(Dataset Opens)

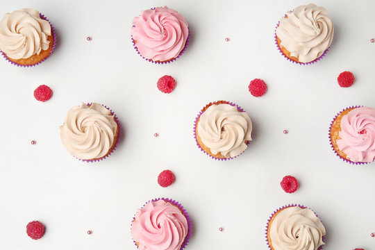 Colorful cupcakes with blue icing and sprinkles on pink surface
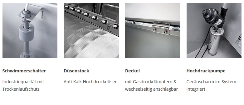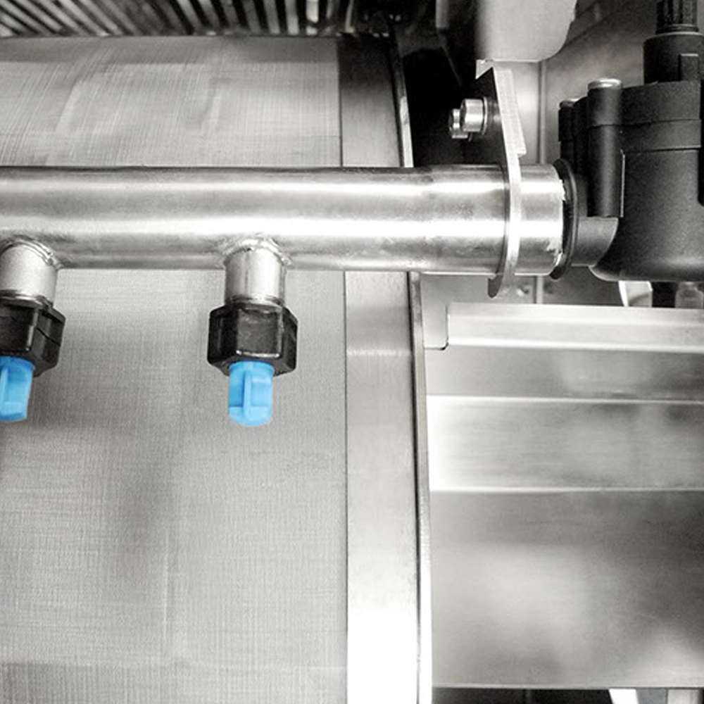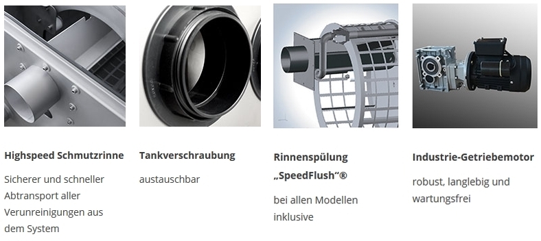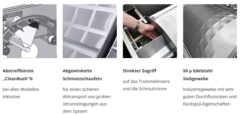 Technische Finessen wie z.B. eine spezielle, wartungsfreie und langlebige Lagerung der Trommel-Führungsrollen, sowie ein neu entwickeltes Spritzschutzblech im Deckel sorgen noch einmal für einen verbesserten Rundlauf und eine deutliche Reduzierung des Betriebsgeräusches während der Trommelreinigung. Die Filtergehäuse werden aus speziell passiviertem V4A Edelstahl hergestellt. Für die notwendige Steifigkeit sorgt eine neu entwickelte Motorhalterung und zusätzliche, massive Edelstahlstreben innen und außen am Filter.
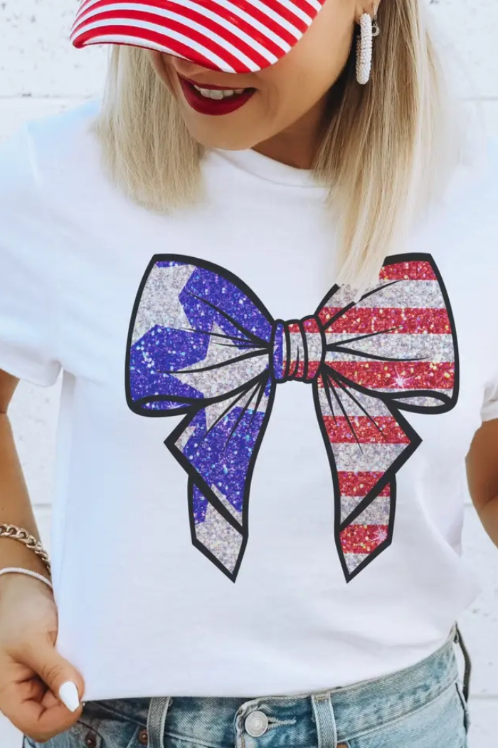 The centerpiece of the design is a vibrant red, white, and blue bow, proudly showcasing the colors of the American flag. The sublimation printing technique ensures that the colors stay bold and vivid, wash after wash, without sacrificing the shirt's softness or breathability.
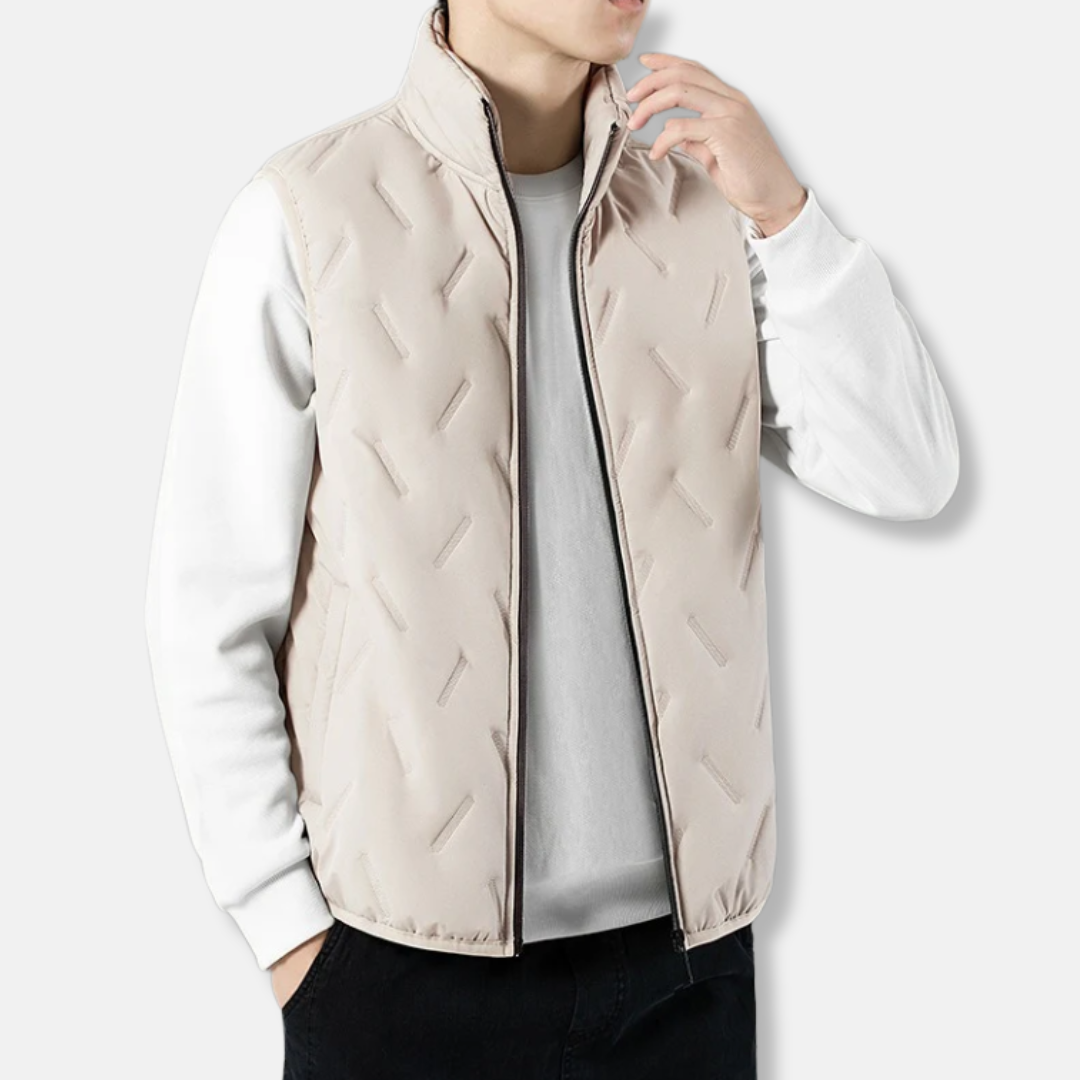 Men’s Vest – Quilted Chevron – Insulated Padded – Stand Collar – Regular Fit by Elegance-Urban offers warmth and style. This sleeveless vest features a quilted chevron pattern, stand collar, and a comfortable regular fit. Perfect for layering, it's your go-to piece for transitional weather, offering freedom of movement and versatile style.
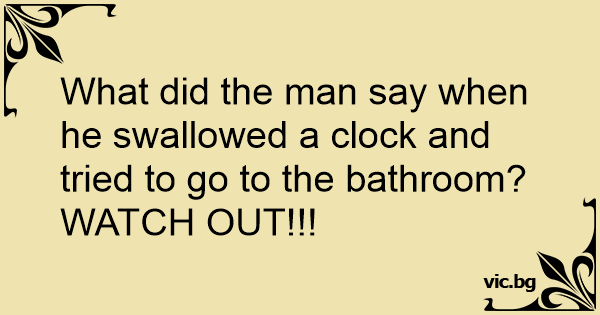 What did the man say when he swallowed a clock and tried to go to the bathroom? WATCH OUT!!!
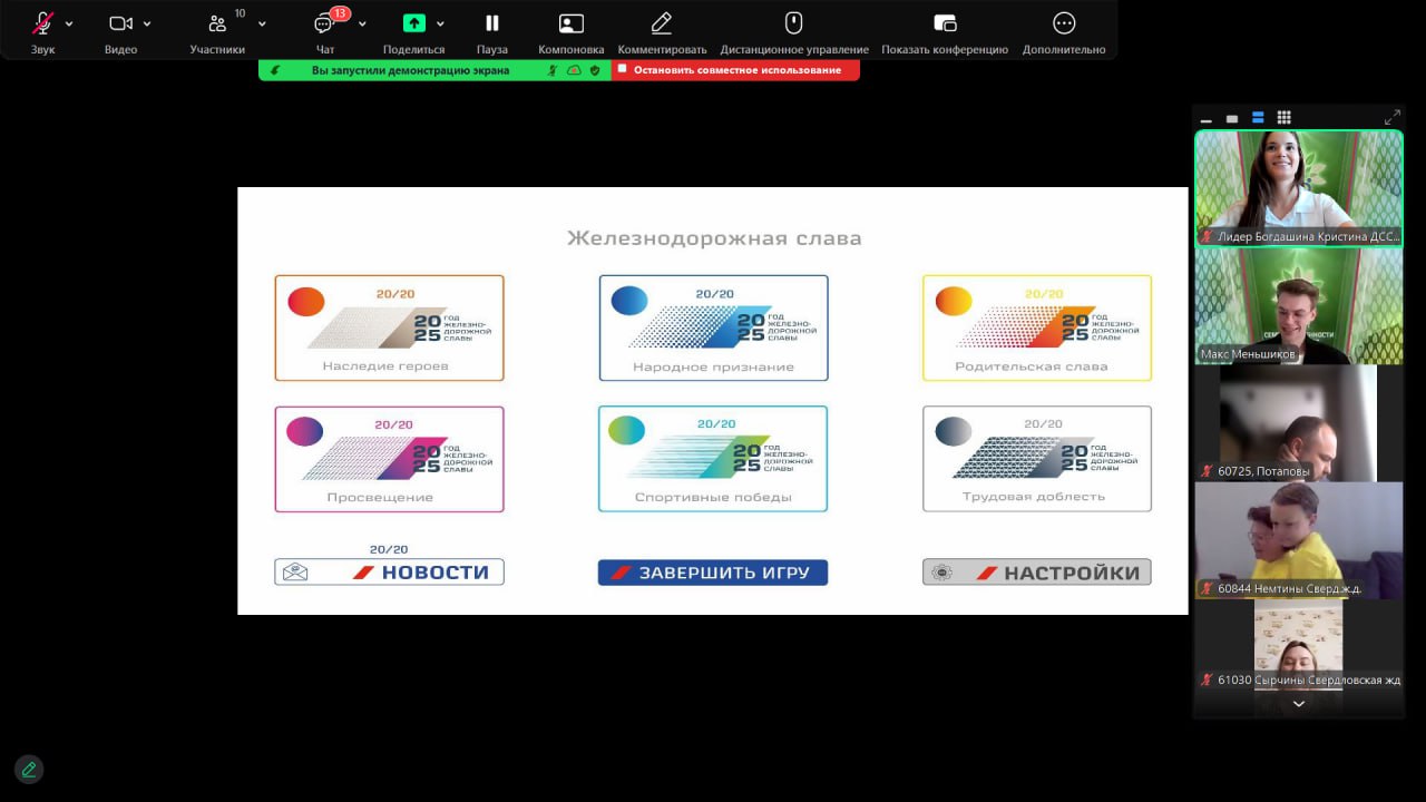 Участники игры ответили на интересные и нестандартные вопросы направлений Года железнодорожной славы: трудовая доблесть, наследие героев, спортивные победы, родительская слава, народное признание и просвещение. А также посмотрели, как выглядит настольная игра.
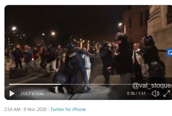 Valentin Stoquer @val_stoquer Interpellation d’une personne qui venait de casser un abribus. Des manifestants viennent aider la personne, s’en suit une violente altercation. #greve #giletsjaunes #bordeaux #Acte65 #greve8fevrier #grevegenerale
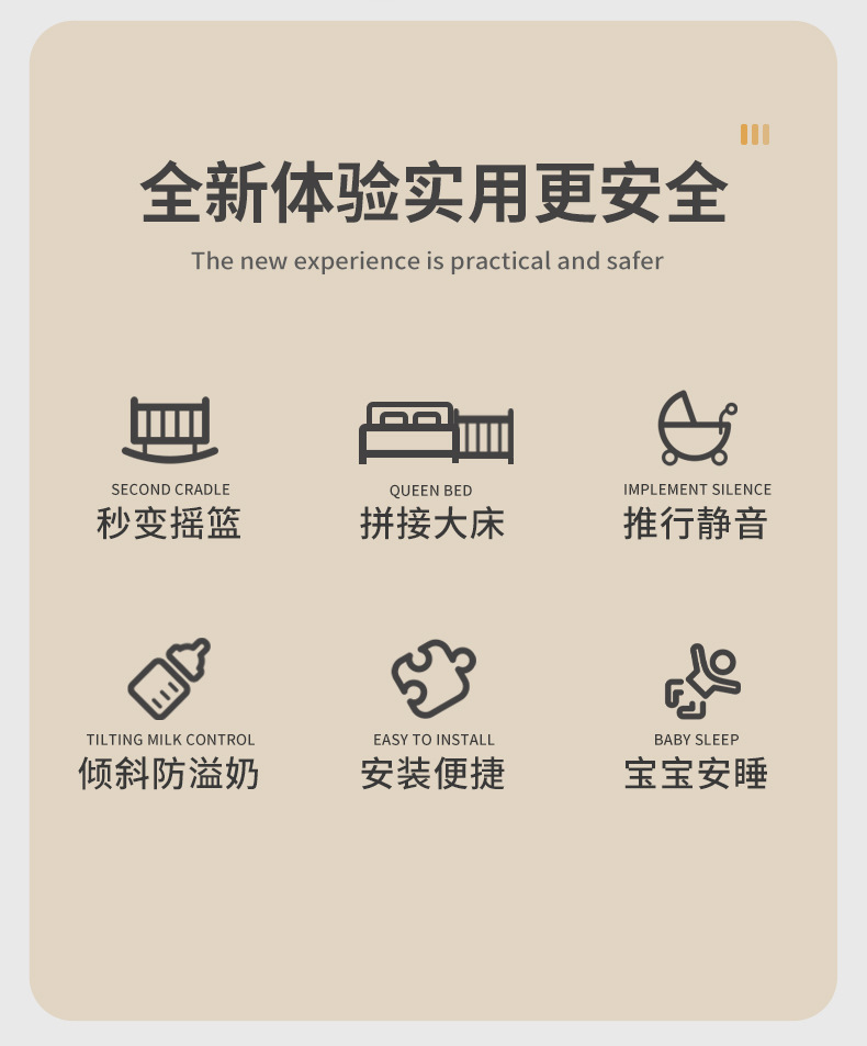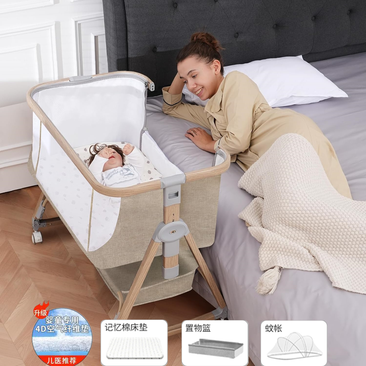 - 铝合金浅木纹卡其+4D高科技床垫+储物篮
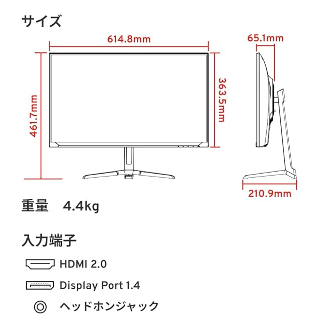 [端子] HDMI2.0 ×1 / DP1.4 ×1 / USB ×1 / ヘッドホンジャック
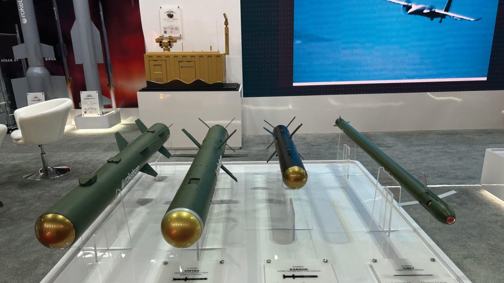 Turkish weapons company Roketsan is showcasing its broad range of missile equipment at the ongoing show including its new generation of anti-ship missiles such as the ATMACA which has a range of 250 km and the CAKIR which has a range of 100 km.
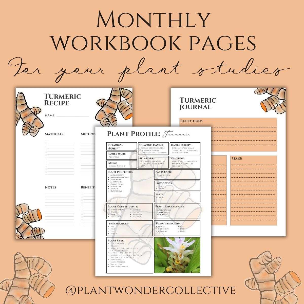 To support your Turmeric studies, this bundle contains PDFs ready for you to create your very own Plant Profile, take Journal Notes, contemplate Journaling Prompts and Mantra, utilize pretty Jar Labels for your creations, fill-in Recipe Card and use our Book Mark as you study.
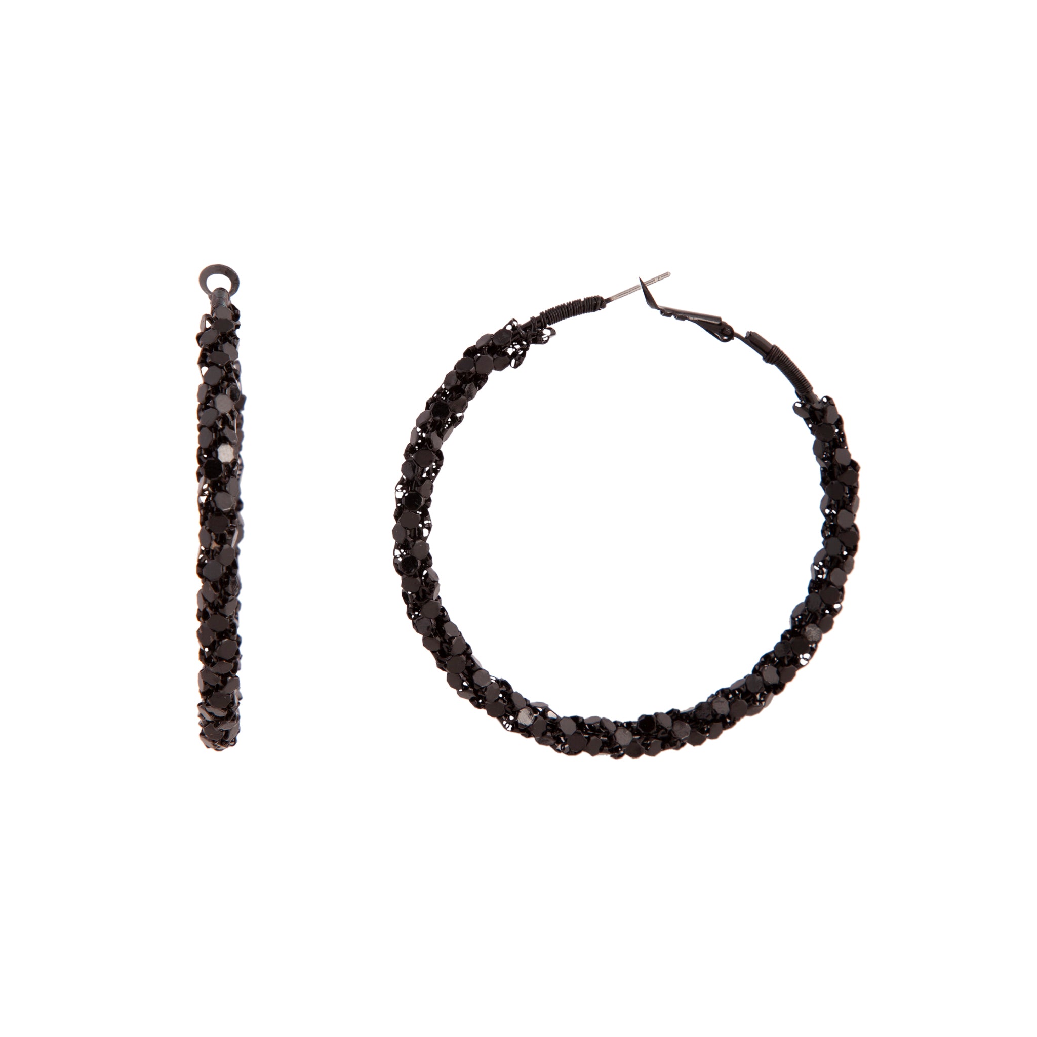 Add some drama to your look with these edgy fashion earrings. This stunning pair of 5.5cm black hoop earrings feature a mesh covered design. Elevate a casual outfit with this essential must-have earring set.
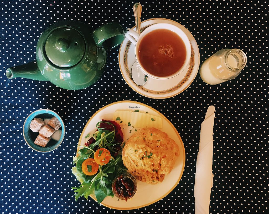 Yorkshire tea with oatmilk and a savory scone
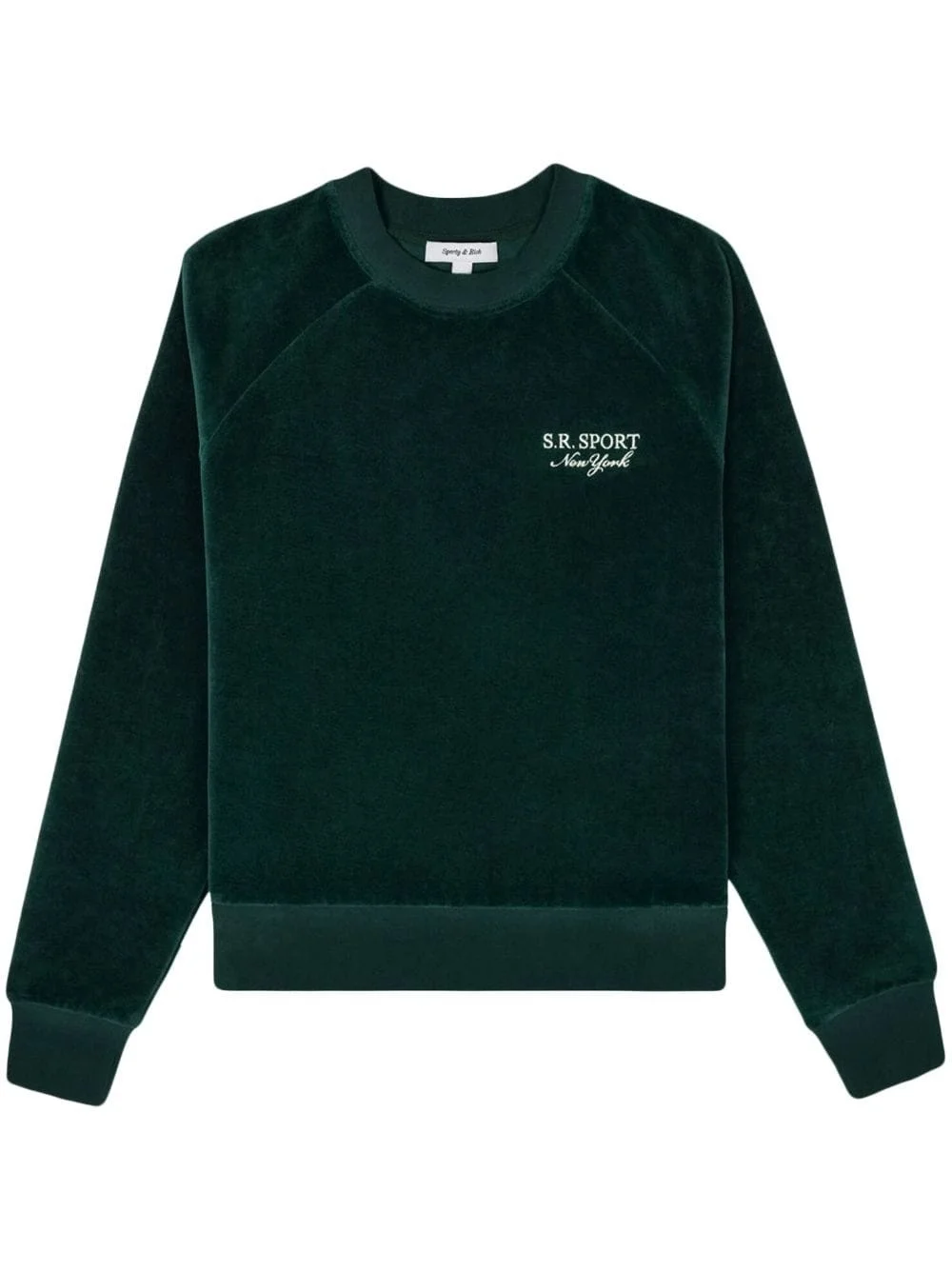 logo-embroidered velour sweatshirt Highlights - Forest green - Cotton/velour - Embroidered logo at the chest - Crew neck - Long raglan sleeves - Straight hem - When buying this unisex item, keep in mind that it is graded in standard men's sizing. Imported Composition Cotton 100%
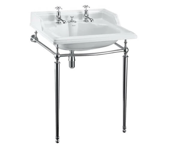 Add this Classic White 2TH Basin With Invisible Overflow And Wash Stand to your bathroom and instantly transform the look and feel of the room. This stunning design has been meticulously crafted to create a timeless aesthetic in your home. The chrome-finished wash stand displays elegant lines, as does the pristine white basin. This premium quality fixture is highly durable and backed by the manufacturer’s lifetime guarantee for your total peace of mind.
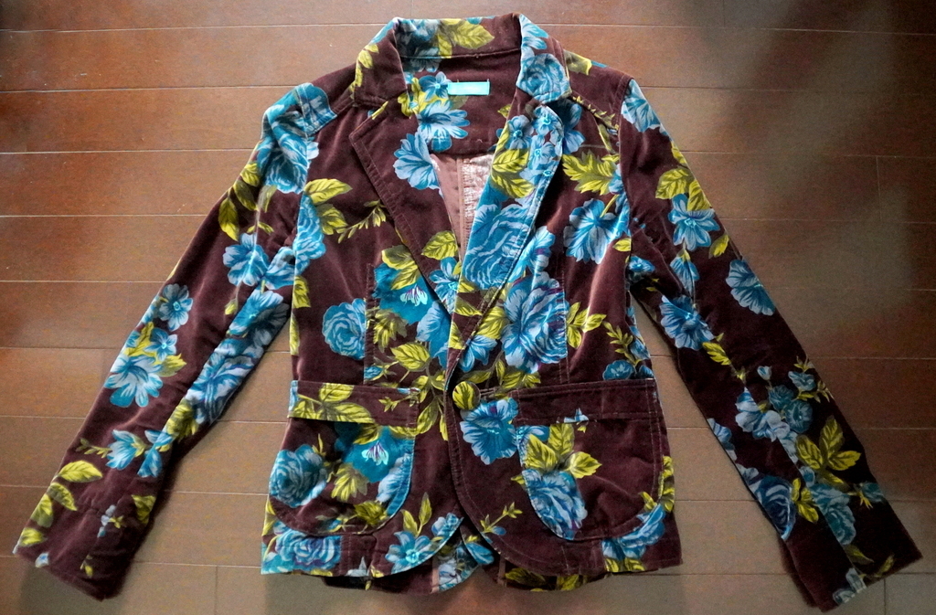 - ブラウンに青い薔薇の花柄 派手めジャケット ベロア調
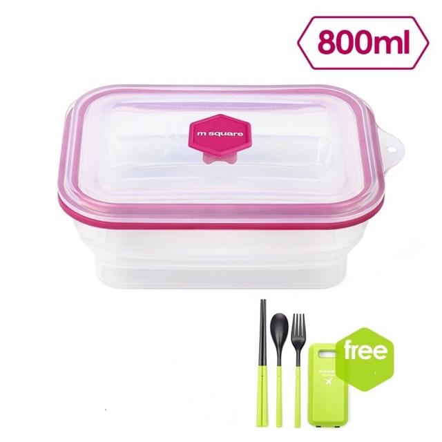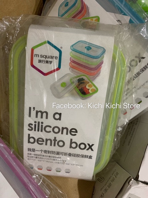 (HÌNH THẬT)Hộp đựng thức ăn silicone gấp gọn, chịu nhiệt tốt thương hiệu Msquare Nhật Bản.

(Dataset Closes)

◆ What to do:
The answer should be the records above, unchanged, with the pictures omitted.

◆ Expected answer:
 Colorful cupcakes with blue icing and sprinkles on pink surface
 Technische Finessen wie z.B. eine spezielle, wartungsfreie und langlebige Lagerung der Trommel-Führungsrollen, sowie ein neu entwickeltes Spritzschutzblech im Deckel sorgen noch einmal für einen verbesserten Rundlauf und eine deutliche Reduzierung des Betriebsgeräusches während der Trommelreinigung. Die Filtergehäuse werden aus speziell passiviertem V4A Edelstahl hergestellt. Für die notwendige Steifigkeit sorgt eine neu entwickelte Motorhalterung und zusätzliche, massive Edelstahlstreben innen und außen am Filter.
 The centerpiece of the design is a vibrant red, white, and blue bow, proudly showcasing the colors of the American flag. The sublimation printing technique ensures that the colors stay bold and vivid, wash after wash, without sacrificing the shirt's softness or breathability.
 Men’s Vest – Quilted Chevron – Insulated Padded – Stand Collar – Regular Fit by Elegance-Urban offers warmth and style. This sleeveless vest features a quilted chevron pattern, stand collar, and a comfortable regular fit. Perfect for layering, it's your go-to piece for transitional weather, offering freedom of movement and versatile style.
 What did the man say when he swallowed a clock and tried to go to the bathroom? WATCH OUT!!!
 Участники игры ответили на интересные и нестандартные вопросы направлений Года железнодорожной славы: трудовая доблесть, наследие героев, спортивные победы, родительская слава, народное признание и просвещение. А также посмотрели, как выглядит настольная игра.
 Valentin Stoquer @val_stoquer Interpellation d’une personne qui venait de casser un abribus. Des manifestants viennent aider la personne, s’en suit une violente altercation. #greve #giletsjaunes #bordeaux #Acte65 #greve8fevrier #grevegenerale
 - 铝合金浅木纹卡其+4D高科技床垫+储物篮
 [端子] HDMI2.0 ×1 / DP1.4 ×1 / USB ×1 / ヘッドホンジャック
 Turkish weapons company Roketsan is showcasing its broad range of missile equipment at the ongoing show including its new generation of anti-ship missiles such as the ATMACA which has a range of 250 km and the CAKIR which has a range of 100 km.
 To support your Turmeric studies, this bundle contains PDFs ready for you to create your very own Plant Profile, take Journal Notes, contemplate Journaling Prompts and Mantra, utilize pretty Jar Labels for your creations, fill-in Recipe Card and use our Book Mark as you study.
 Add some drama to your look with these edgy fashion earrings. This stunning pair of 5.5cm black hoop earrings feature a mesh covered design. Elevate a casual outfit with this essential must-have earring set.
 Yorkshire tea with oatmilk and a savory scone
 logo-embroidered velour sweatshirt Highlights - Forest green - Cotton/velour - Embroidered logo at the chest - Crew neck - Long raglan sleeves - Straight hem - When buying this unisex item, keep in mind that it is graded in standard men's sizing. Imported Composition Cotton 100%
 Add this Classic White 2TH Basin With Invisible Overflow And Wash Stand to your bathroom and instantly transform the look and feel of the room. This stunning design has been meticulously crafted to create a timeless aesthetic in your home. The chrome-finished wash stand displays elegant lines, as does the pristine white basin. This premium quality fixture is highly durable and backed by the manufacturer’s lifetime guarantee for your total peace of mind.
 - ブラウンに青い薔薇の花柄 派手めジャケット ベロア調
 (HÌNH THẬT)Hộp đựng thức ăn silicone gấp gọn, chịu nhiệt tốt thương hiệu Msquare Nhật Bản.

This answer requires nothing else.